→ What you have to do:
Below are records to repeat exactly; do not include any pictures.

→ Data extracted from a collection:
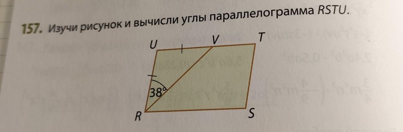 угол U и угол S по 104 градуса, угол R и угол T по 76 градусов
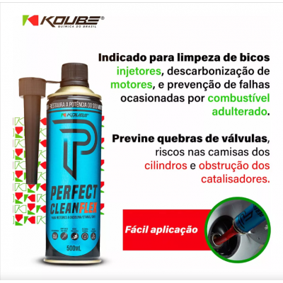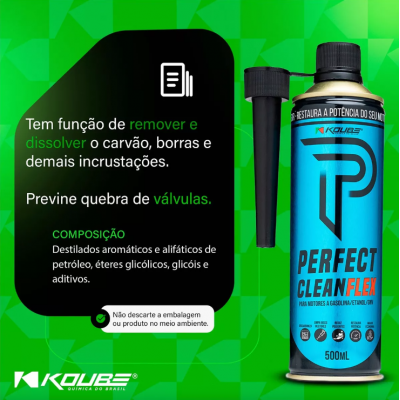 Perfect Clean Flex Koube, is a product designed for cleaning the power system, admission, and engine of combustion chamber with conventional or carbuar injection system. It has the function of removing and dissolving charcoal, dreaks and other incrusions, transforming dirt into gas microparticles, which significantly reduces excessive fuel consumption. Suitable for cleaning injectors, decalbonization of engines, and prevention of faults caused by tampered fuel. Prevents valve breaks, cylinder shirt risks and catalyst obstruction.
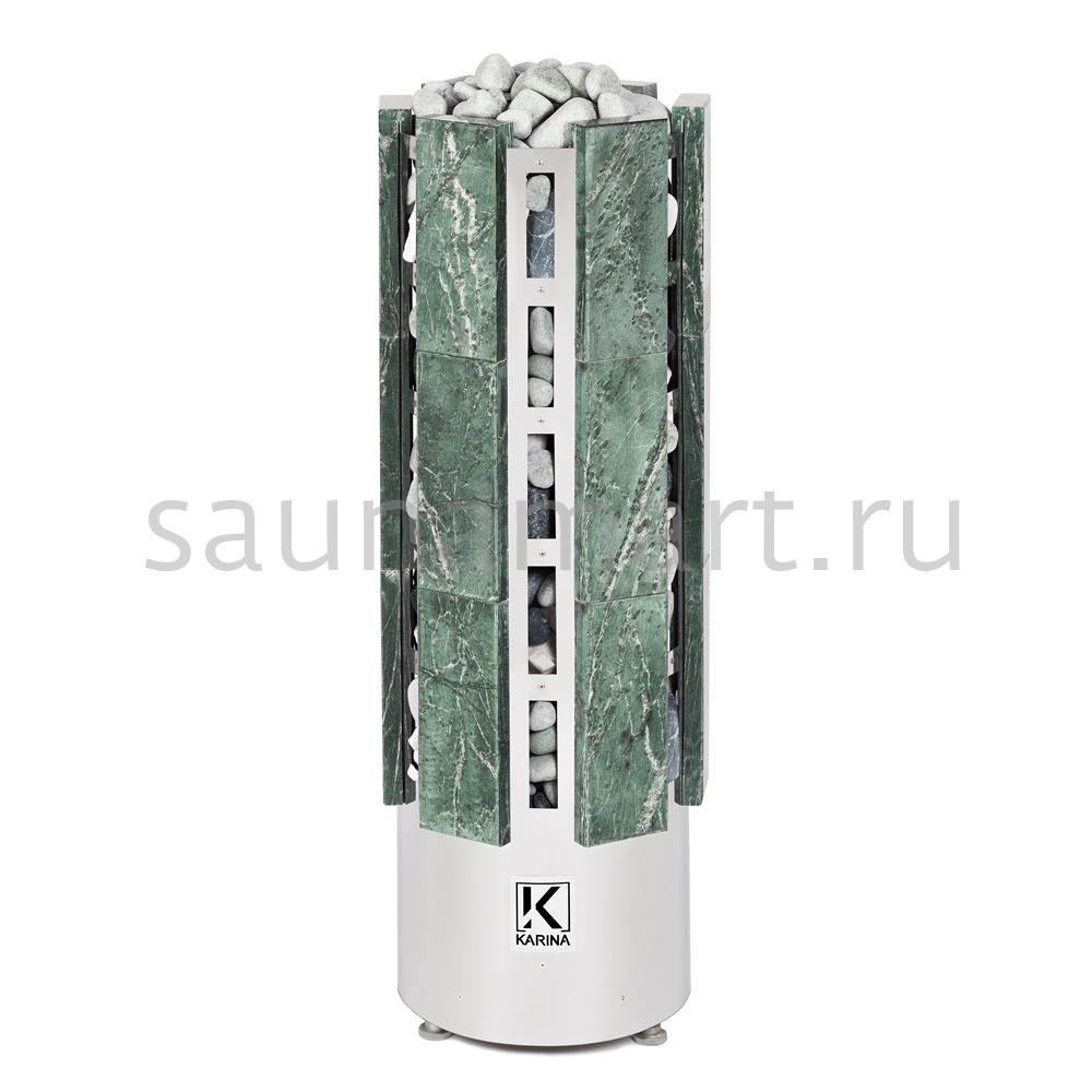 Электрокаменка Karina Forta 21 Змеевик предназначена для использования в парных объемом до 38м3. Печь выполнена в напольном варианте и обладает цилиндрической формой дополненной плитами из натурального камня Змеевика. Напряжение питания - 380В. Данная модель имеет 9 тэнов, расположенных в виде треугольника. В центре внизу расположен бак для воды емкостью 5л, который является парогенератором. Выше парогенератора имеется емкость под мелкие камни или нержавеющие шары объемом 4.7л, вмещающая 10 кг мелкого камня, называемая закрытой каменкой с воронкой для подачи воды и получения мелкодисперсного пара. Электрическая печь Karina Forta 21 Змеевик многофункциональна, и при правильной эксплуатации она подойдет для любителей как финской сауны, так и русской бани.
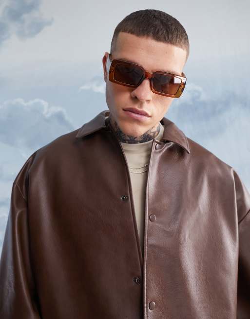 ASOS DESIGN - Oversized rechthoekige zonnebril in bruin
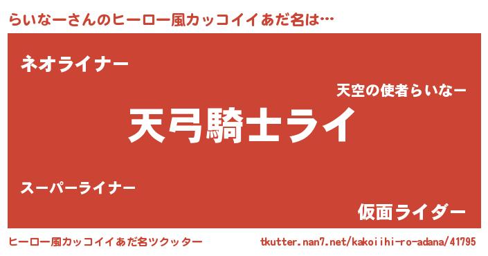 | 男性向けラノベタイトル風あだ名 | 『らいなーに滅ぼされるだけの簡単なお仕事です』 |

→ Written solution:
 угол U и угол S по 104 градуса, угол R и угол T по 76 градусов
 Perfect Clean Flex Koube, is a product designed for cleaning the power system, admission, and engine of combustion chamber with conventional or carbuar injection system. It has the function of removing and dissolving charcoal, dreaks and other incrusions, transforming dirt into gas microparticles, which significantly reduces excessive fuel consumption. Suitable for cleaning injectors, decalbonization of engines, and prevention of faults caused by tampered fuel. Prevents valve breaks, cylinder shirt risks and catalyst obstruction.
 Электрокаменка Karina Forta 21 Змеевик предназначена для использования в парных объемом до 38м3. Печь выполнена в напольном варианте и обладает цилиндрической формой дополненной плитами из натурального камня Змеевика. Напряжение питания - 380В. Данная модель имеет 9 тэнов, расположенных в виде треугольника. В центре внизу расположен бак для воды емкостью 5л, который является парогенератором. Выше парогенератора имеется емкость под мелкие камни или нержавеющие шары объемом 4.7л, вмещающая 10 кг мелкого камня, называемая закрытой каменкой с воронкой для подачи воды и получения мелкодисперсного пара. Электрическая печь Karina Forta 21 Змеевик многофункциональна, и при правильной эксплуатации она подойдет для любителей как финской сауны, так и русской бани.
 ASOS DESIGN - Oversized rechthoekige zonnebril in bruin
 | 男性向けラノベタイトル風あだ名 | 『らいなーに滅ぼされるだけの簡単なお仕事です』 |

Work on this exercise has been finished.